Jim Lux james.p.lux at jpl.nasa.gov
Tue Feb 17 23:37:00 EST 2004

> some kinds of codes are "rad hard", in the sense that if a failure gives
> you a possibly-wront answer, you can just check the answer.

My practical experience with DRAM designs has been that bit errors are more
likely due to noise/design issues than radiation induced single event
upsets. Back in the 80's I worked on a Multibus system where we used to get
double bit errors in 11/8 ecc several times a week.  Everyone just said
"well, that's why we have ECC" until I did some quick statistics on what the
ratio between single bit (corrected but counted) and double bit errors
should have been.
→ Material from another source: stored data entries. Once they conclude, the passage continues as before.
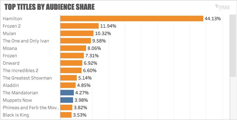 △ 《漢密爾頓》在Disney+第三季度的觀看份額中一枝獨秀
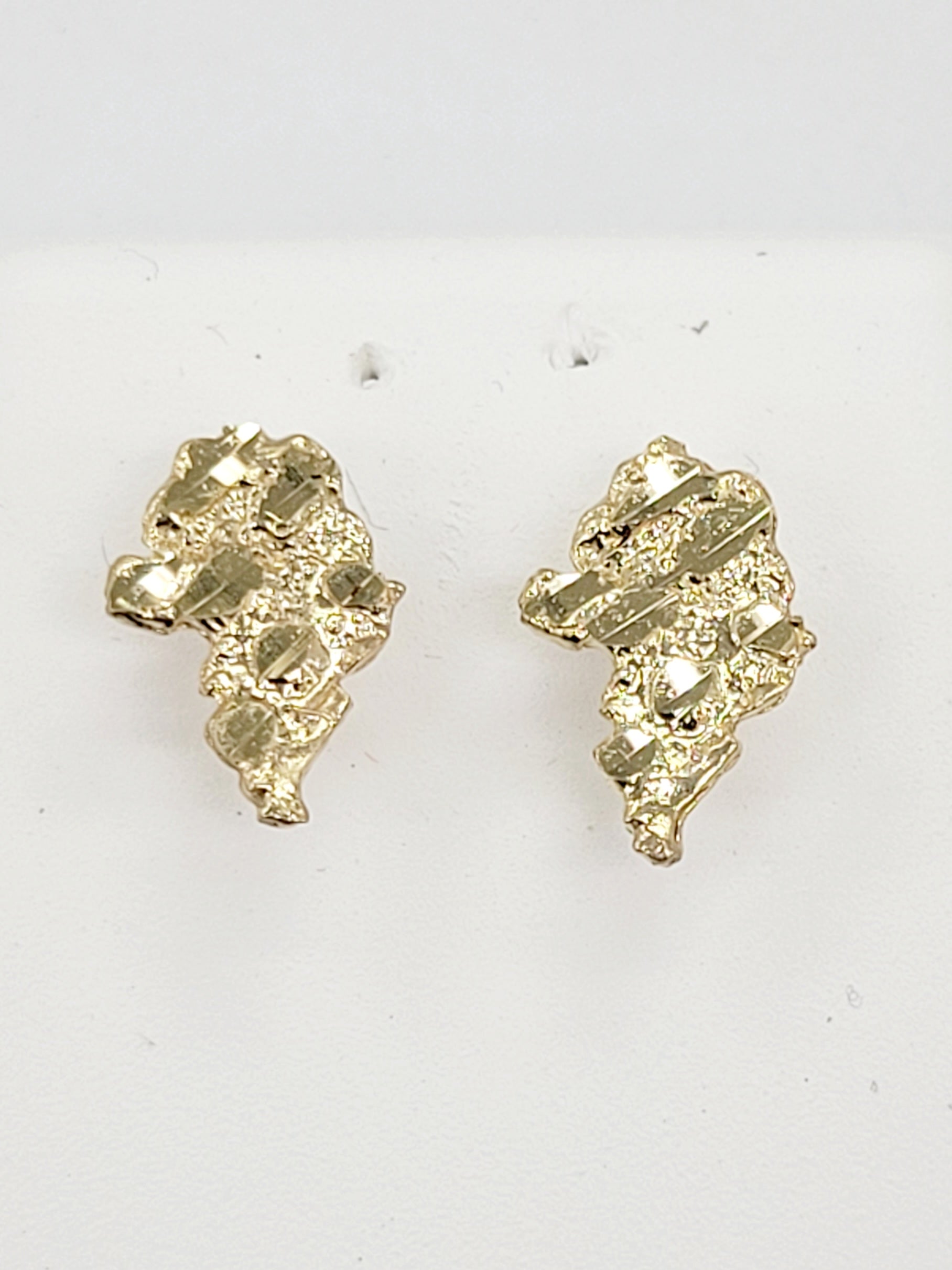 Crafted in radiant 10kt gold, these nugget-style earrings offer a bold yet refined statement. Featuring a distinctive nugget texture and weighing 1.1 grams, they strike the perfect balance between elegance and individuality. Finished with secure butterfly backs for a comfortable fit, these earrings are an ideal choice for those who appreciate timeless luxury with a modern edge
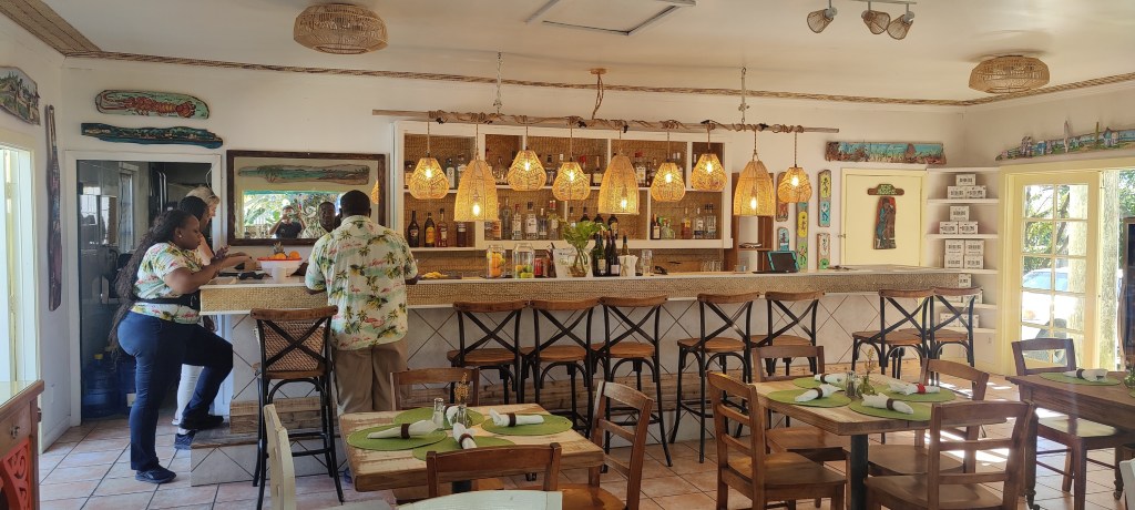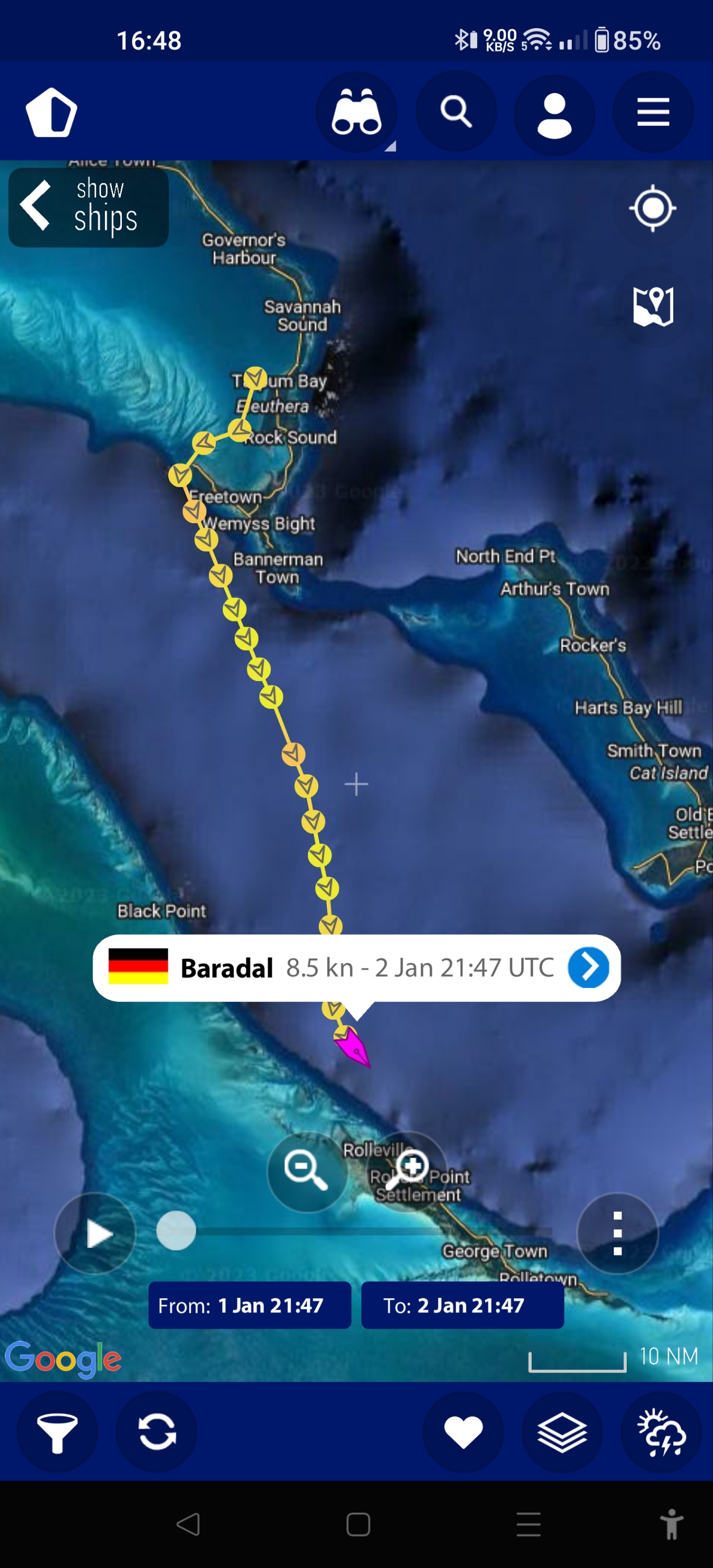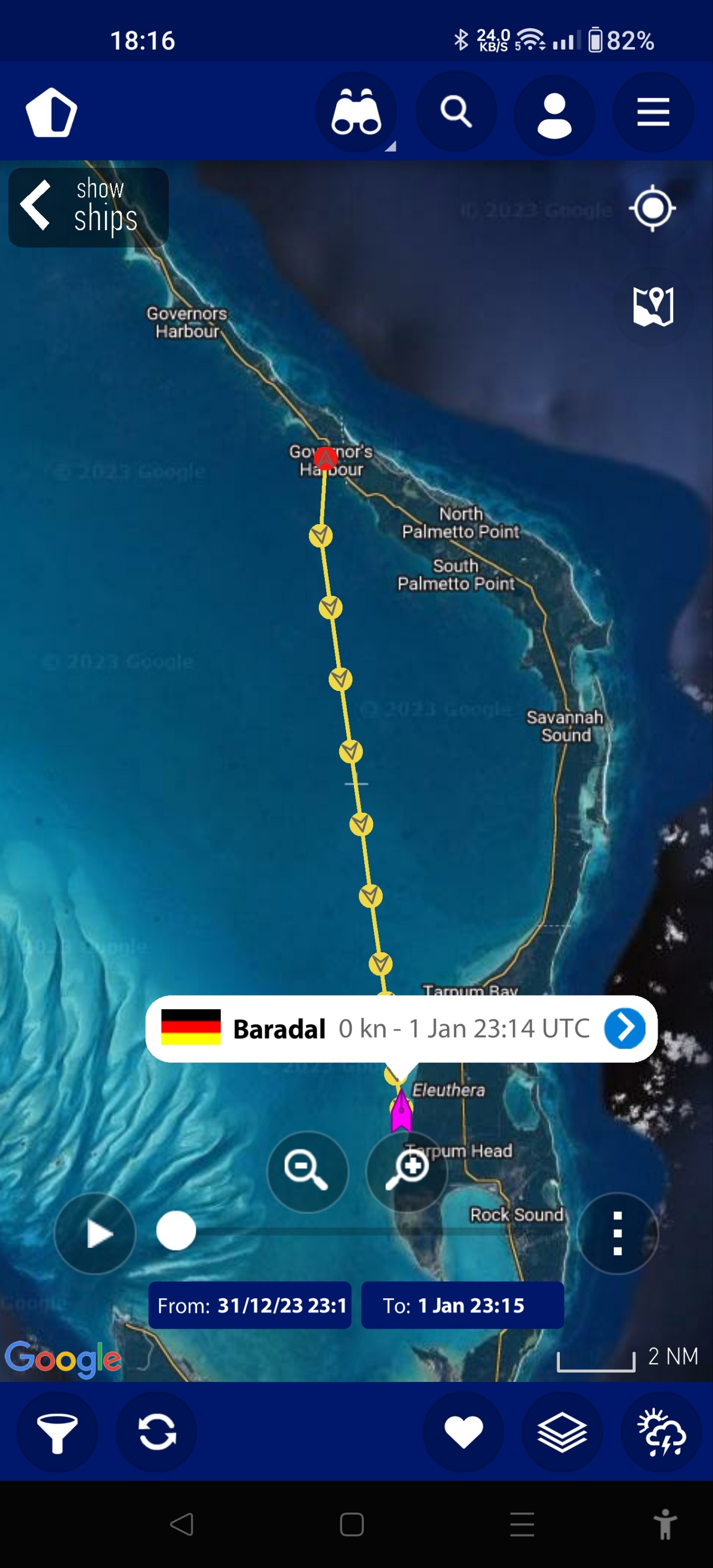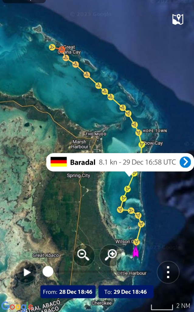 Die Fahrt bis Governors Harbour verläuft ruhig. Wir ziehen unsere Spur durch türkises Wasser. 5 m Wassertiefe erscheinen wie 50 cm, so klar ist das Wasser hier. Am Ankerplatz ist außer uns nur ein anderer Katamaran. Nix los hier! Wir gehen mit dem Dinghy an Land. Da auflandiger Wind ist, müssen wir an den Strand fahren. Kurze Hosen wären clever gewesen. Aber wir sind noch nicht auf Wärme eingestellt. So krempeln wir die Hosenbeine hoch und kommen halbwegs trocken an Land. Wir finden eine öffentliche Mülltonne für unseren Müll und gehen noch in den Supermarkt. Ja wir sind auf den Bahamas: Es ist alles etwas einfacher und das Angebot ist reduziert. Es dunkelt schon und so verschieben wir unseren Silvester-Restaurantbesuch auf den nächsten Tag. Das stellt sich als kluge Entscheidung heraus. Denn im Dunklen und evtl. leicht angeheitert, hätte die Dinghyfahrt vom Strand zur Baradal etwas schwierig werden können 🌊. Wir haben vorsorglich ein Käsefondue an Bord. Wir genießen es und schauen ganz klassisch „Dinner for One“. Damithaben wir einen schönen Rutsch in 2024🎇🥂

Such high rates defied belief, and it turned out to be a
bus drive problem.

 that definition
> pretty much excludes traditional supercomputing, and certainly all
> physics-based simulations.  searching/optimization stuff might work well
> in that mode, though rechecking only catches false positives, doesn't
> recover from false negatives.  I suspect that doing ECC is cheaper than
> messing around with this kind of uncertainty, even for these specialized

There are a number of algorithms which have inherent self checking built in.
In the accounting business, this is why there's double entry, and/or
checksums. In the signal processing world, there are checks you can do on
things like FFTs, where total power in should equal total power out.

> if you have 32 low-overhead nodes containing 20K-hour power supplies,
> need to think about doing a replacement per month.
> if you have a 1M-hour disk in each of 1100 nodes, you shouldn't be shocked
> to get a couple failures a week.

Shades of replacing tubes in Eniac or the Q-7A

MIL-HDBK-217A is the "bible" on these sorts of computations.